National Integrity Commission Bill 2013; Second Reading

10:49 am

Photo of Matthew CanavanMatthew Canavan (Queensland, Liberal National Party) Share this | Hansard source

Thank you, Mr Acting Deputy President. I actually think sniffer dogs are a very important part of our anticorruption framework in this country. I will expand later in this speech about how we have a multitiered, multipronged approach to anticorruption. Sniffer dogs are some of the most important law enforcement officers we have in this country, and I strongly want to put on the record my defence for sniffer dogs, despite the Greens wanting to abolish their positions and lose sniffer dogs jobs all around the country.

The other point I want to make here is that the Greens come into this place and want to make all these innuendos and suggestions about other people and other political parties, yet they do not hold a mirror to their own actions on these matters.

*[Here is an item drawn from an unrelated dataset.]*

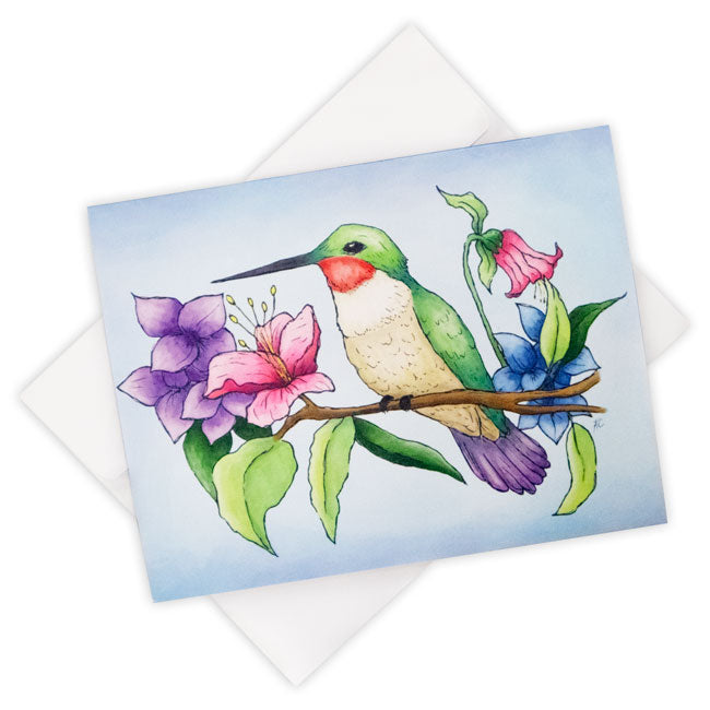 - Highly detailed illustration of a hummingbird on a branch brings beautiful color and natural style to each card.

It has been mentioned in this debate previously but it is worth repeating—and I think the Australian people would be interested to know—that the largest donation in Australian political history went to the Greens political party. Mr Graeme Wood gave a very large donation to the Greens political party a few years ago. I do not want to make any suggestion that that influenced the Greens but, given that they have raised innuendoes about our political party, I think it is important to put on the record here in this chamber that at the same time, or a very similar time, that donation was made to the Greens political party, they were in this chamber moving motions with the authority of their leader at the time, former Senator Bob Brown, in support of policies which benefited Mr Graeme Wood.

I have no evidence that there was any form of corrupt behaviour, but at least I am upfront with that. The Greens come in here and want to make allegations and slurs against other senators and other political parties without any evidence and then say, 'All these political parties are terrible and corrupt.' That is a hypocritical approach by the Greens, because it is the kind of behaviour they have engaged in themselves, but of course do not want to talk about that at the time that they raise innuendoes about others. This whole debate on this bill is based on innuendo. It is based on no evidence whatsoever. There has been no evidence provided to the chamber.

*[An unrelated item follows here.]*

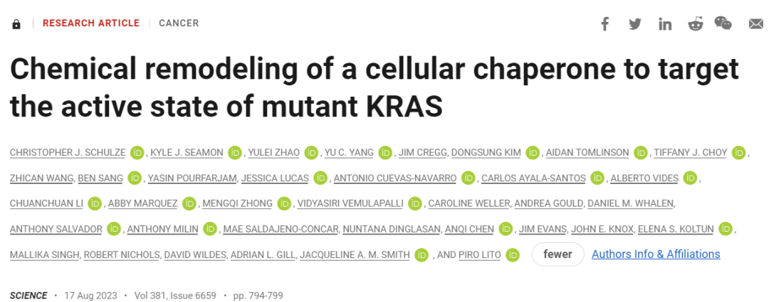 KRAS蛋白曾经是著名的“不可成药”靶点,它的表面光滑,没有明显可供小分子药物结合的“口袋”。不过,科学家发现KRAS G12C突变体的半胱氨酸可以被共价小分子药物靶向,这一突破最终带来了FDA批准的两款KRAS抑制剂sotorasib和adagrasib。不过这些抑制剂均靶向KRAS G12C突变体的失活状态,而且患者可能接受治疗后产生耐药性。

This bill has been presented after a long MPI debate we had late last year, and in that MPI debate there was no evidence presented that there is any kind of corruption occurring on a large scale or in a systematic way at the federal government level. Indeed, the actual evidence that does exist shows that we have a very enviable record on corruption in Australia. Transparency International has done an international comparison on corruption in different countries, and Australia ranks nine out of 177 countries on that scale. It is a record that we should be proud of. That does not mean that we are perfect and we cannot do more to ensure that corruption does not occur, but we are by no means a country that is behind the race on this issue.

Another report that confirms this statistic is a World Economic Forum Global competitiveness index report that was done recently. They surveyed businesses across the world in different countries and asked them what the biggest issues facing them were in those countries and what the barriers were for them doing business. This report covers a range of issues, not just corruption. It is worth noting that in Australia Australian businesses rate corruption as the equal last issue facing them in their business and doing business in Australia. Of course, that is not the case in some other countries, unfortunately. But in our country corruption is not a major issue facing business—and, again, that is something we should be proud of.

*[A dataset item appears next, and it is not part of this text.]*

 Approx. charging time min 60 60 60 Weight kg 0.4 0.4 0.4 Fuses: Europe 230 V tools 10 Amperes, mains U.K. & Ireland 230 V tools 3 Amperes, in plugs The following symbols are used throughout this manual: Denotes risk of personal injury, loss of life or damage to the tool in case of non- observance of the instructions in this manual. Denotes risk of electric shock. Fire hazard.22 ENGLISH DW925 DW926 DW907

We are ranked nine out of 177. There are other countries that are slightly ahead of us. We are in a group of countries that are lucky enough not to have the scourge of corruption that infiltrate the wider society. Other countries, like us, also do not have anticorruption bodies like the Greens want to establish. Similar countries to us, like the United States and Canada, have not established anticorruption bodies, and they too rank very highly on these corruption indices. So there is simply no correlation between having a lack of corruption in a country—an economy and a business sector free of corrupt activities—and having a federal anticorruption body. One does not necessarily lead to the other. That is another indication that there has been no evidence provided here.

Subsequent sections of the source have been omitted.